Segment Start: DATA SHOWN

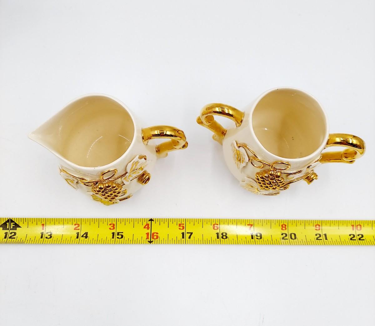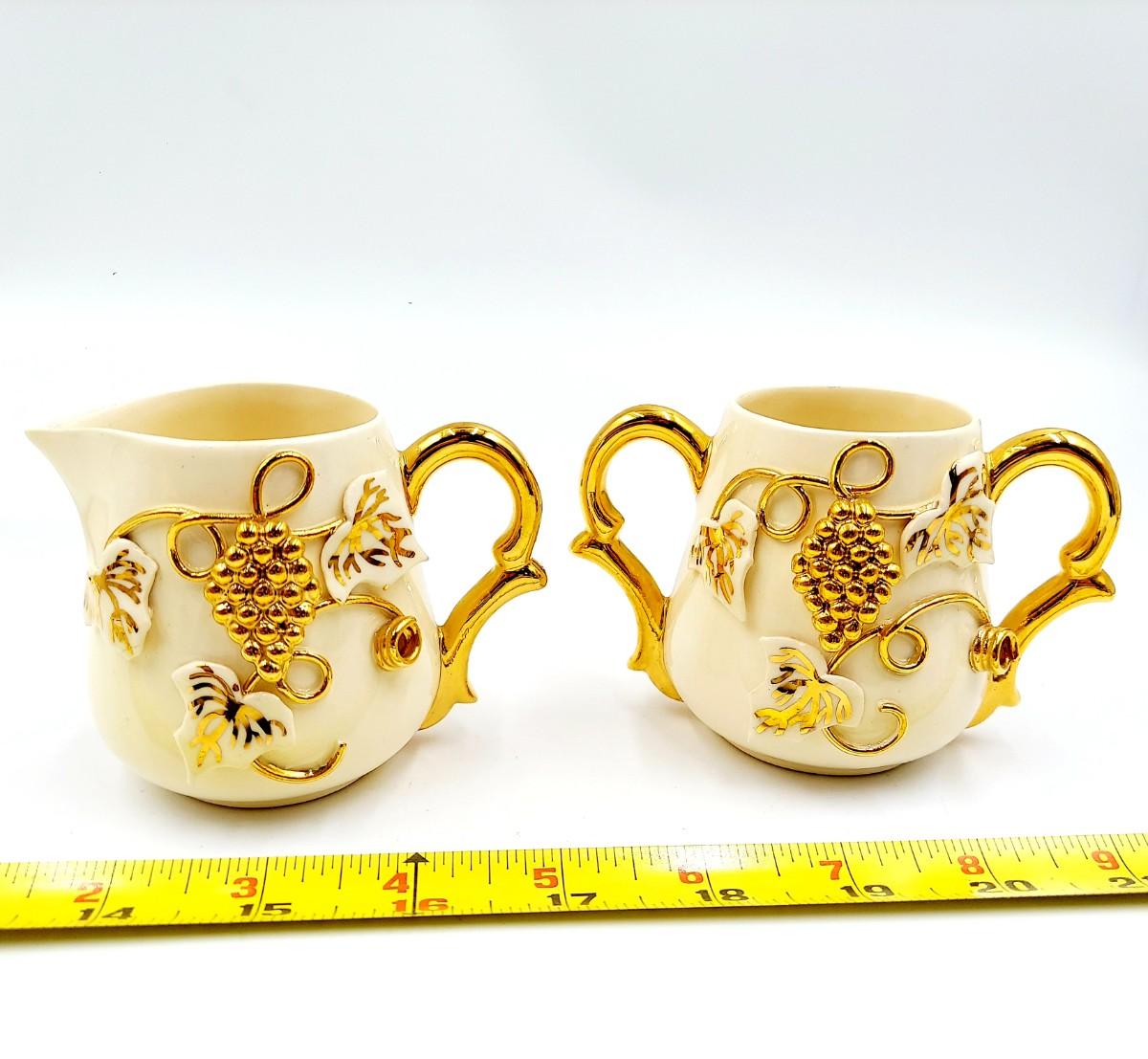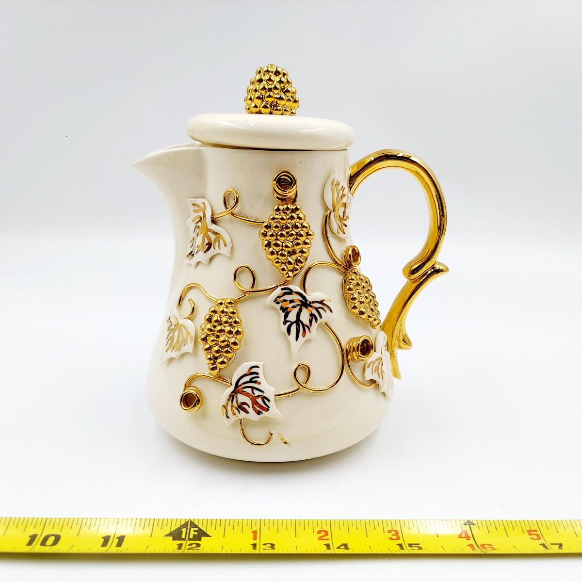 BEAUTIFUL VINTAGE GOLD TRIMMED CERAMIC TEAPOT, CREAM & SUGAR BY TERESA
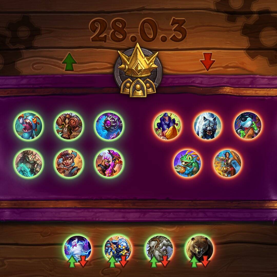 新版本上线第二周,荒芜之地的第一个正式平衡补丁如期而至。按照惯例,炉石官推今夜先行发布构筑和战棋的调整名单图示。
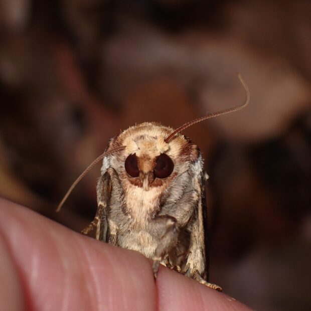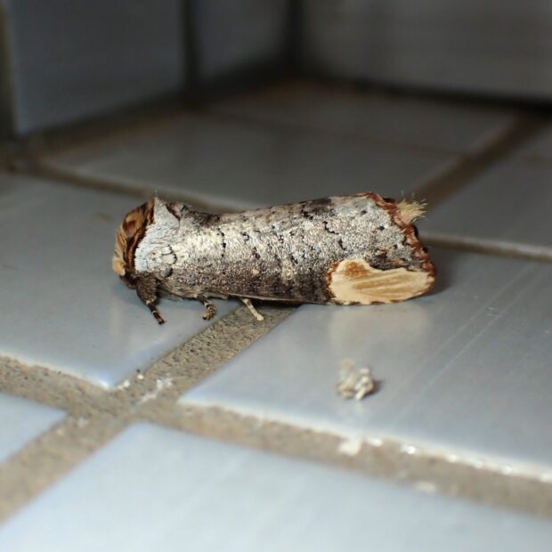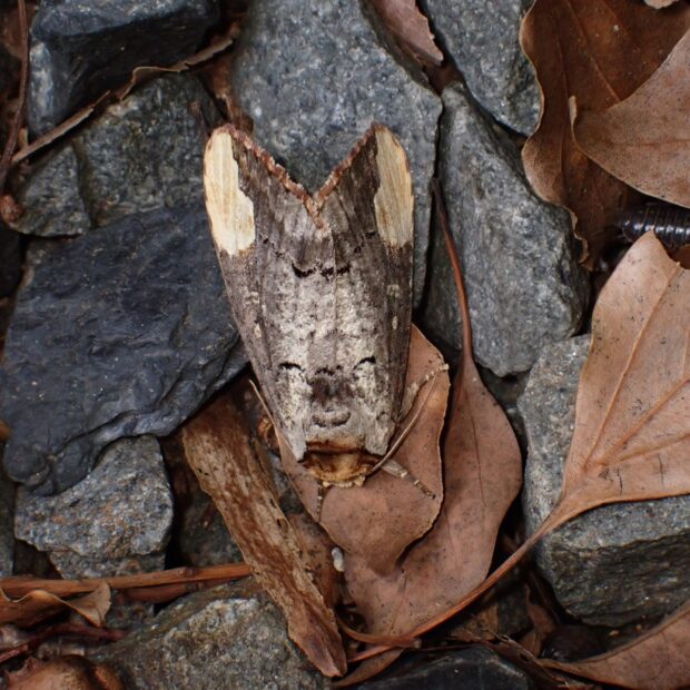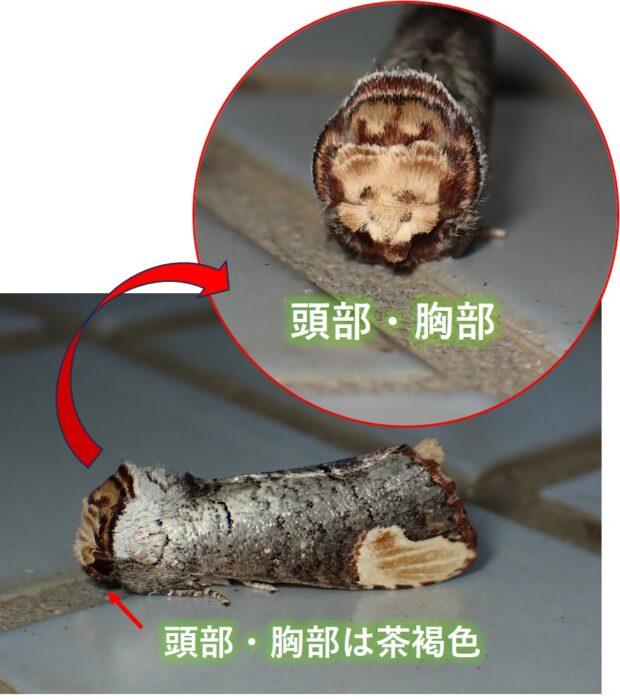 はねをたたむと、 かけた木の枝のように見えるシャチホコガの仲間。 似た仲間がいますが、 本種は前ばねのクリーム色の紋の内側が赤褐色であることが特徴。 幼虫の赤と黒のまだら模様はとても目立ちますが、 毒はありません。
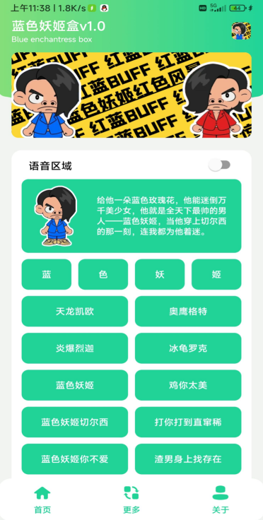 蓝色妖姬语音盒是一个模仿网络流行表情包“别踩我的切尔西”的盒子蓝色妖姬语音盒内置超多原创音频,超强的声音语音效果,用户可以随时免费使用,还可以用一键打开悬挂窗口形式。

Segment End: DATA SHOWN

Leave the images aside and retype each line of the listing above exactly.

§ **COMPLETED TASK**:
 BEAUTIFUL VINTAGE GOLD TRIMMED CERAMIC TEAPOT, CREAM & SUGAR BY TERESA
 新版本上线第二周,荒芜之地的第一个正式平衡补丁如期而至。按照惯例,炉石官推今夜先行发布构筑和战棋的调整名单图示。
 はねをたたむと、 かけた木の枝のように見えるシャチホコガの仲間。 似た仲間がいますが、 本種は前ばねのクリーム色の紋の内側が赤褐色であることが特徴。 幼虫の赤と黒のまだら模様はとても目立ちますが、 毒はありません。
 蓝色妖姬语音盒是一个模仿网络流行表情包“别踩我的切尔西”的盒子蓝色妖姬语音盒内置超多原创音频,超强的声音语音效果,用户可以随时免费使用,还可以用一键打开悬挂窗口形式。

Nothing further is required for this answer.